**Dataset entries**
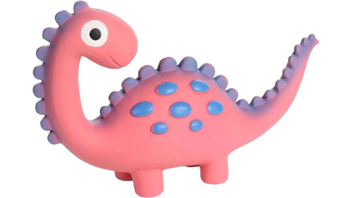 FLAMINGO latex igračka za pse Dino, zvučna, roza, 7,7x25x15cm
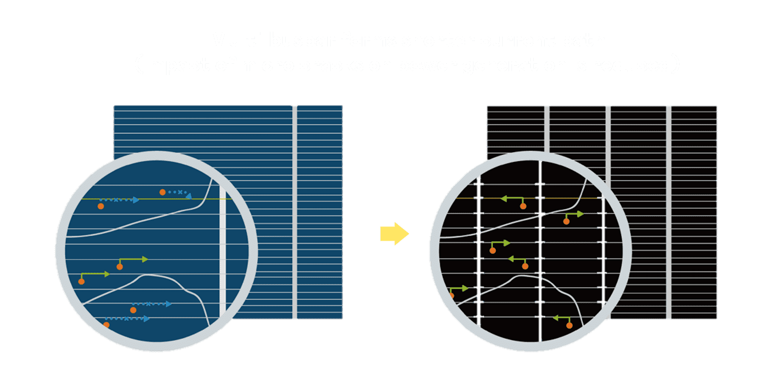 • 电池使用多条铜导线 (Copper wire) 于电池片上形成较短的电流路径,,提高电流收集效率,,,,采用圆形设计的铜导线较传统扁平式的铜焊带 (Ribbon),,,可增加入射至电池的光线量。。。
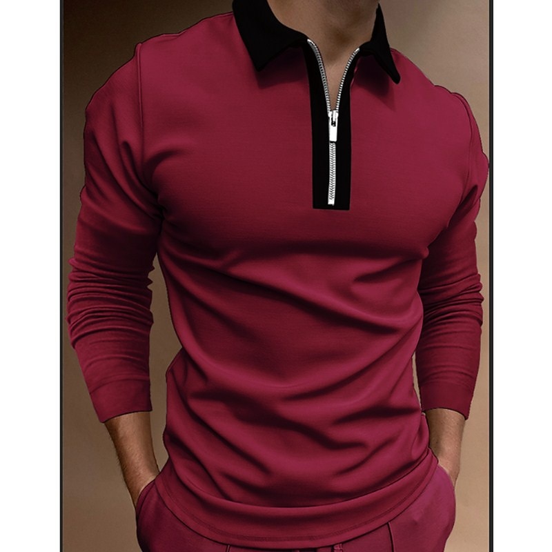 More information about Men's Polo Shirt Quarter Zip Polo Work Casual Classic Collar Quarter Zip Long Sleeve Fashion Business Color Block Patchwork Zipper Winter Fall & Winter Regular Fit Wine Black Navy Blue Green Light
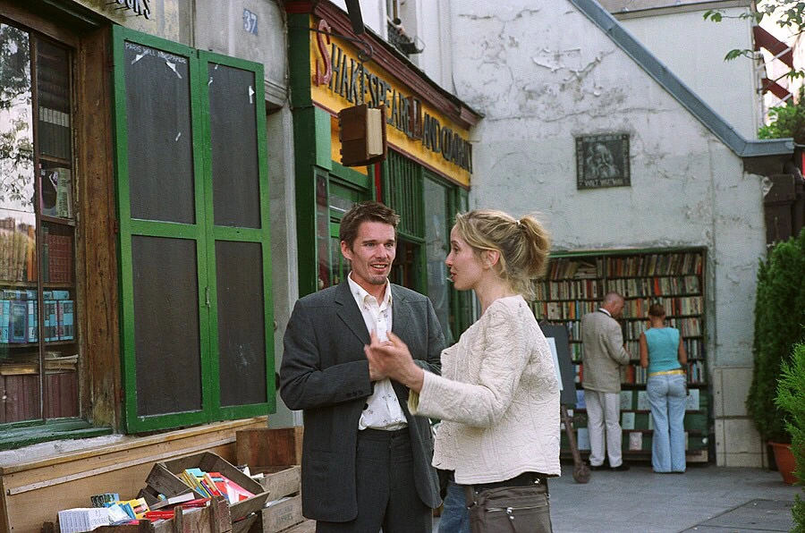 남자 주인공(에단 호크) "제시"는 그녀를 만나기 위해 길고 긴 에움길에 들어선다. 그녀와의 일들과 자신의 이야기를 글로 쓴다. 목적은 그녀를 찾기 위한 것. 어디선가 그녀가 나의 책을 읽고 있으리라는 믿음, 막연한 희망, 그러나 꼭 그녀를 찾겠다는 의지, 그것이 진정한 사랑일 것이라 나는 생각한다. 우연한 만남을 쉽게도 '운명'이라 부르고, 아찔한 욕망과도 같은 하룻밤의 일을 '사랑'이라고 쉽게 말하는 젊음이 전부는 아니라고 영화가 말해주는 듯 싶었다. 그는 진정으로 그녀를 사랑하고 있었다. 어디에든 존재할 것으로 믿고.
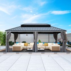 12' X 20' Hardtop Gazebo Outdoor Metal Gazebo Canopy with Galvanized Steel Double Roof, Aluminum Frame, Curtains and Netting for Patio, Deck, Garden, $1,200El Monte, CA
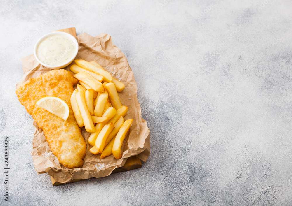 Traditional British Fish and Chips with tartar sauce on chopping board and lemon slice on white stone table background. Space for text

**YOUR ASSIGNMENT**
Quote the records above exactly, from the first line through the line containing "More information about", and leave out the pictures.

**WRITTEN ANSWER**
 FLAMINGO latex igračka za pse Dino, zvučna, roza, 7,7x25x15cm
 • 电池使用多条铜导线 (Copper wire) 于电池片上形成较短的电流路径,,提高电流收集效率,,,,采用圆形设计的铜导线较传统扁平式的铜焊带 (Ribbon),,,可增加入射至电池的光线量。。。
 More information about Men's Polo Shirt Quarter Zip Polo Work Casual Classic Collar Quarter Zip Long Sleeve Fashion Business Color Block Patchwork Zipper Winter Fall & Winter Regular Fit Wine Black Navy Blue Green Light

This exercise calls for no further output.